We then specifically assessed the presynaptic function in the mutant mice by testing whether PPF was modulated at SC–CA1 synapses. PPF is a form of short-term synaptic plasticity providing an indirect measure of glutamate release probability at these synapses (Dobrunz and Stevens 1997). The PPF ratio of fEPSPs recorded in control ACSF (2.5 mM of CaCl2) was computed at different interstimulus intervals (ISIs: 10, 50, 100, 300, and 1,000 ms). The PPF ratio was not significantly different between MCH-R1−/− and WT mice for all the different ISIs tested (at 50-ms ISI, the PPF ratio was 179 ± 7% in MCH-R1−/− and 169 ± 9% in WT; P = 0.54, MW test, n = 7; Fig. 1B). In addition, we quantified the PPF ratio of AMPAR-mediated response in voltage-clamp mode for a 50-ms ISI. Again, we found that PPF was not different in MCH-R1−/− and WT mice (at 50-ms ISI, 182 ± 14 vs. 220 ± 25%, P = 0.13, MW test, n = 7; Fig. 1C).
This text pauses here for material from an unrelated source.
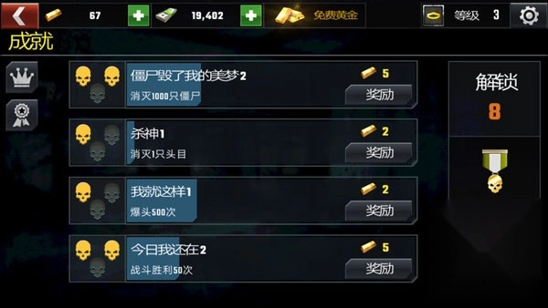 完成成就是玩家在游戏里获取黄金除充值外的主要途径,只要持续达成成就,就能领取更多黄金用于购买武器。
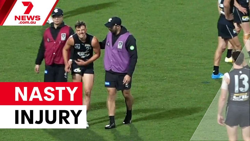 Famous AFL twin Lucas Camporeale is in hospital after an alarming injury in Carlton’s VFL clash with Collingwood at Ikon Park on Friday night.

NMDAR-mediated synaptic transmission in MCH-R1−/− mice

We then assessed NMDAR-mediated synaptic currents in CA1 pyramidal cells from WT and MCH-R1−/− mice by quantifying the NMDA/AMPA ratio (Fig. 2, A and B). The NMDAR/AMPAR ratio was significantly reduced in MCH-R1−/− mice compared with that in WT mice (94 ± 16 vs. 206 ± 50%; P = 0.03, MW test, n = 16 and 13, respectively). In the hippocampus, NMDAR-mediated synaptic responses depend on both NR2A and NR2B subunits. The NR2B-type NMDAR can be assessed pharmacologically by determining the sensitivity of total NMDAR EPSC to the NR2B-selective antagonist ifenprodil (3–6 μM; Fig. 2, C and D). By comparing the remaining NMDAR EPSCs to the total NMDAR EPSCs we computed the NR2B/NR2A ratio. We found a nonsignificant decrease in the NR2B/NR2A ratio of the MCH-R1−/− mice compared with that of WT mice (30.4 ± 6 vs. 41.7 ± 5%; P = 0.18, MW test, n = 16 and 18, respectively). Thus altogether our results suggest a decrease in both AMPAR- and NMDAR-mediated synaptic transmission in MCH-R1−/− mice.

Fig. 2.

Fig. 2.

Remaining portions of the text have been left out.